PROJECTING PREMIUMS WITHOUT THE REINSURANCE PROGRAM

Insurers incurred large losses in 2014 despite receiving $6.72 billion in net reinsurance payments for their individual market QHPs. The average loss ratio (medical claims paid divided by premium income) for the 289 QHPs equaled 1.110 when weighting QHPs by claims. This loss ratio suggests that premiums for individual market QHPs will have to rise significantly when the reinsurance program ends. Assuming that insurers generally need at least 15 percent of premiums to cover administrative expenses, premiums in 2014 were roughly 26 percent too low, on average, to cover insurers’ full costs of offering individual market QHPs.

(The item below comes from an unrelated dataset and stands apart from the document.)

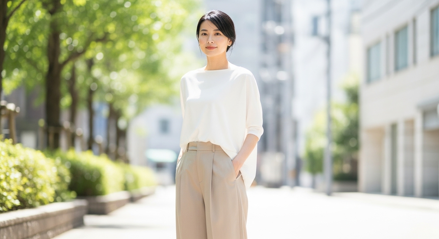年代に合わせて、トップスや小物の選び方を工夫することで、自然な着こなしができます。

If average premiums had been 26 percent higher, however, that would have lowered total enrollment and increased selection effects. Relatively healthy people and higher income enrollees, who qualify for little or no subsidies that make the insurance more attractive, would have been deterred to a greater degree than people who expected to use more healthcare services. As a result of this dynamic effect, the average premium increase would likely have needed to be substantially greater than 26 percent for insurers to break even on their QHPs in 2014.

INSURER PERFORMANCE VARIED SIGNIFICANTLY

Although the evidence is not conclusive, differences in insurer performance in 2014 indicate that carriers with narrower networks were more successful in controlling claim costs. Kaiser was the insurer with a sizeable market share that performed the best in 2014. Blue Shield of California, which made the highest amount of payments into the risk corridor program, offered narrow network exchange plans in 2014. Moreover, QHPs offered by carriers whose principal pre-ACA business in the state was Medicaid managed care also performed relatively well in 2014.

The insurance co-ops set up through the ACA were the worst performing group of insurers. The co-ops’ average per-enrollee medical claims equaled $6,120—more than 22 percent above the average for all insurers. The third paper in the series will offer a more detailed analysis of insurer performance in 2014, including an examination of the effects of state decisions to expand Medicaid and adopt the transition policy allowing non-ACA-compliant coverage to continue.

CONCLUSION

The 2014 data used in this study is the most recent available since the deadline for carriers to file 2015 plan year data is June 30, 2016. The findings are important and relevant because insurers’ performance in 2015, at least in the aggregate, has reportedly been comparable to 2014. Once the 2015 data is available and analyzed, we are likely to be left with a similar conclusion—QHPs have not yet attracted a broad enough risk pool for the individual market to stabilize despite the premium stabilization programs enabling carriers to set premiums significantly lower than they would absent those programs.

It appears that QHPs with narrow provider networks performed better than QHPs with broader networks in 2014. That may suggest that healthier people disproportionately gravitated to plans with broader networks. This result may also have occurred because of more aggressive utilization management by insurers with more restrictive networks. As the end of the reinsurance and risk corridor programs approaches, and insurers face the reality that premiums for the first time must cover expenses, a key question emerges. Can insurers that continue offering QHPs reverse their losses through some combination of higher premiums and plan redesign, or are the ACA’s provisions unsustainable and in need of change?